Today is one of my favorite days of the year. Today marks the beginning of one of the greatest journeys of my life. It has been going on now for 16 years and I can’t wait to see what the next 16 and beyond will bring. Today is the day the woman i love more than any other said, “Yes.” Today is the anniversary of the day I married my beautiful bride. Today is a special day.

As good as today is, it really had its start 17 years and two months ago, not merely 16. That was the day I got out of a van and nervously headed for the door of the dorm I’d called home for the six weeks on the campus of Spalding University in Louisville, KY as a Bible study leader for Passport youth camps. Before I could even reach the door, it burst open and the leadership staff already there came out to greet us for the first time. I don’t remember much else about that day or even that moment, but I do remember the beautiful girl who captured my heart with one glance of her eyes. Just that, and I was hooked.

It took a few weeks for me to convince her I wasn’t just your average nerd. It didn’t hurt that in a skit the staff performed all summer one of the lines was, “Yes, but you’re my nerd, and everyone needs a nerd.” But eventually, I wore her down. A little illegal matchmaking by our assistant camp director who was fully on board with the blossoming relationship we weren’t even supposed to have finally put us on the same page just before the summer’s end. From there, it was a whirlwind of cross country trips between her home and mine, lots of hours burning through cell phone minutes (remember when cell phone plans weren’t all unlimited?) and wearing out our fingers on AOL Instant Messenger (there’s a blast from the past for you), and graduating from college before we could start our life together.

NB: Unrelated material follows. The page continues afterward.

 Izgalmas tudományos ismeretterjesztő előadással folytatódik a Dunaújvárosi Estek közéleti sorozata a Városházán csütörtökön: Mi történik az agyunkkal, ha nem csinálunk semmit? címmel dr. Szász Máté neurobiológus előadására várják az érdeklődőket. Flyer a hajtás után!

The journey since has been one of a few challenges but far more joys of every sort. There have been things I haven’t gotten right along the way, and she has been more than gracious more times than I can count. I’ve learned far more than I could have ever imagined about how to be a husband, a father, and a man. She has been with me every step of the way, confirming again and again and again just how good the decision to marry her really was.

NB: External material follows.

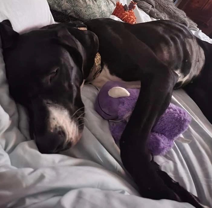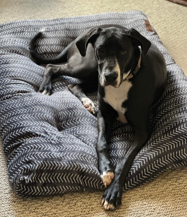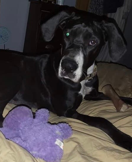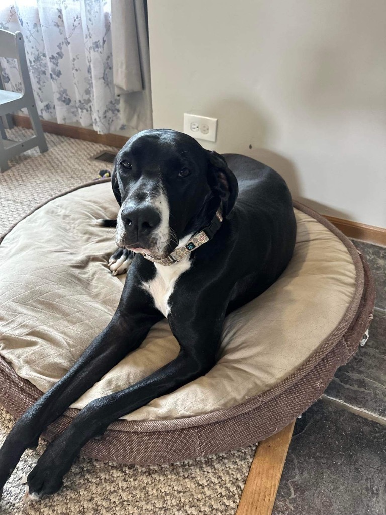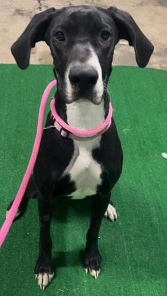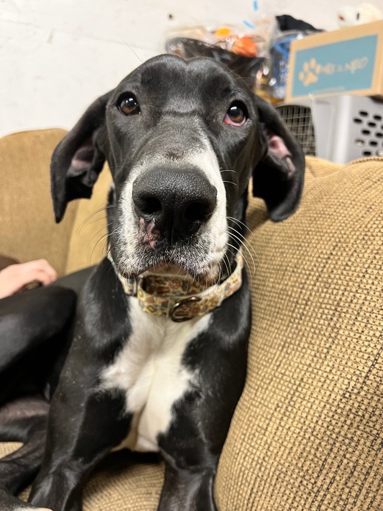 Hi Biggie Paws Friends ! Wed like to introduce you to Chloe. Chloe is a Great Dane, weighs approximately 100 pounds, is about a 1.5 years old and is waiting in central, WI for her fur-ever home. Due to her rough start in life, Chloe can be a bit cautious around new people. Once she is settled and comfortable in her surroundings she will "pick her human" and become a devoted follower ...focusing on where and what her human is doing. Chloe is NOT a fan of car rides or hats. If she meets someone in a hat she will bark at them until they take the hat off. This sweet girl is really just an affectionate, well mannered pup. She will come when called, she does NOT snatch food off the counters or away from the younger humans, she waits patiently for attention and she LOVES to cuddle and have her ears scratched. Chloe also has a playful side. She LOVES to play with her toys and be silly ...she even has an ear that flips over when she plays hard. Chloe LOVES younger humans, she plays well with other dogs, shes curious about cats, but probably doesnt realize shes just a tad bit bigger than they are, and may get a little too rough when playing with them ...so a no cat household might be best. Chloe is potty trained, / leash trained, / crate trained / and LOVES to be outside. She would probably do best with a fenced in yard. She sleeps through the night in a doggie bed in her humans bedroom, or a doggie bed in the living room. She LOVES when shes invited into her humans bed to sleep ...or for snuggles. Like most large breed dogs, Chloe has had a gastropexy (bloat prevention procedure), she is spayed, microchipped and up to date on all of her age appropriate shots. Chloes adoption fee is $850. If youd like to be considered to adopt Chloe, please fill out an adoption application under the link directly below. www.biggiepawsrescue.orgDATCP # 494550

Lisa is amazing. There’s just no other way to put it. Besides being breathtakingly attractive, she is smart. Really smart. And incredibly talented. She’s got a mind for administrative details like no one else I’ve ever met. Our family would quickly and easily fly apart into chaos without her doing the things she does. More than that, she is wise. She has a strong sense of what is right and a drive to pursue it. She can look at a situation – whether hers or someone else’s – and know quickly what is the right way to go. More even than that, she is willing to share it with humility and graciousness. If I am at all a good man today, she has more to do with that than anyone else in the world. If I have been a successful pastor in any sense, she has played the most profound role in every part of it.

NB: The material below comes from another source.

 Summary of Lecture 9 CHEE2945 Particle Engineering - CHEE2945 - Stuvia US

Not only is she an amazing wife, but she’s a superb mom too. We have three remarkable boys who are growing into fine young men. It is a true delight to watch her engage with them to give them all the gifts and wisdom a mother was designed to give on a daily basis. They will be a gift to the world and she has a great deal to do with that.

When I proposed on the morning of New Year’s Eve sixteen and a half years ago, I woke her up and recited the words to the Ben Folds song, The Luckiest. Sixteen years later, I can still say with absolute certainty that I am. Lisa, thank you for being the wonderful woman God created you to be. Thank you for never giving up on me or us. Thank you for showing me the love of God each day in ways I’ve never experienced by any other means. I love you, and more every day. Happy Anniversary! I can’t wait to see what comes next.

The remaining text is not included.